Situs Al Imamain Al Hasanain Pusat Kajian Pemikiran dan Budaya Islam

Beberapa penggal kisah Imam Musa Al-Kadhim as

1 Pendapat 05.0 / 5

Pada suatu hari Imam as melewati seorang laki-laki

berkulit hitam yang bermata juling. Beliau

mengucapkan salam kepadanya. Kemudian Imam as

turun  menghampirinya dan mulai bercakap-cakap

cukup lama. Imam as menawarkan dirinya untuk

membantu memenuhi hajatnya, jika dia bersedia.

Salah satu sahabat Imam bertanya: “Wahai putra

Rasulullah, apakah engkau turun hanya untuk ini?

Kemudian engkau masih menanyakan segala

keperluannya padahal engkau tahu bahwa ia lebih fakir

darimu?” Lalu Imam as menjawab: “Ia adalah salah

seorang hamba Allah swt, saudara seagama,

pengembara di negeri Allah.

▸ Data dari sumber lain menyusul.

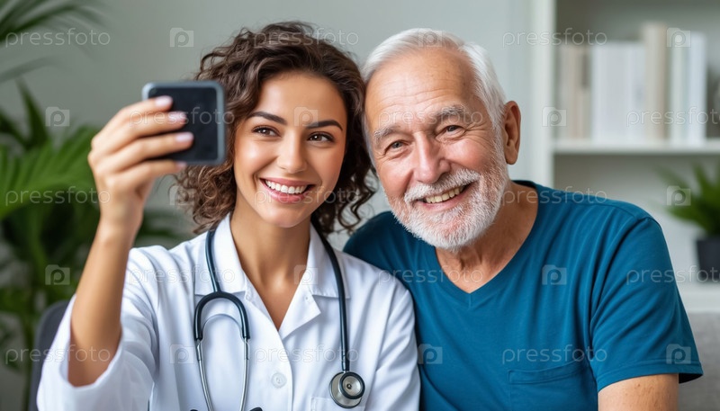 Пожилой мужчина и медицинский работник улыбаются для селфи, концепция ухода

Allah telah

mengumpulkanku dengannya dalam sebaik-baiknya

ayah yaitu Adam as dan sebaik-baiknya agama yaitu

Islam. Dan mungkin saja suatu hari aku butuh

dengannya maka ia melihatku orang yang rendah hati

setelah kesembonganku.” Kemudian beliau bersyair:

“Kami menyambung hubungan dengan orang yang tidak

layak berhubungan dengan kami. Karena takut tidak

terjalin hubungan pertemanan.”

Salah seorang budak Imam as berkata: “Imam as

sering menangis karena takut kepada Allah swt sampai

wajah sucinya basah dan lembam dari linangan air

matanya.

Hisyam bin Ahmar berkata: “Pada suatu hari aku

berjalan bersama Abu Hasan as di sebagian jalan kota

Madinah. Beliau kemudian turun dari hewan

tunggangannya. Beliau langsung bersujud di atas tanah

sangat lama sekali. Setelah itu beliau mengangkat

kepalanya dan segera menaiki hewan tunggangannya.

Aku kemudian bertanya kepada Imam as: “Wahai

putra Rasulullah, jiwaku menjadi tebusanmu. Mengapa

engkau melakukan sujud sangat lama sekali?” Imam

menjawab: “Aku teringat akan nikmat Allah swt yang

telah dikaruniakan kepadaku. Maka dari itu aku sangat

senang untuk bersyukur kepada-Nya.”

Ibnu Shabagh Al-Maliki berkata: “Imam Musa Al-

Kazhim adalah seorang yang paling banyak beribadah

pada zamannya. Ia adalah orang yang paling alim,

paling dermawan dan paling mulia dari manusia yang

lain. Ia adalah orang yang senantiasa mengunjungi

orang-orang miskin di kota Madinah. Dan

membawakan mereka beberapa uang dirham dan

dirham serta barang-barang yang dibutuhkan ke

rumah-rumah mereka. Sedangkan mereka tidak

mengetahui dari mana datangnya semua itu. Mereka

mengetahui hal itu setelah Imam as wafat.”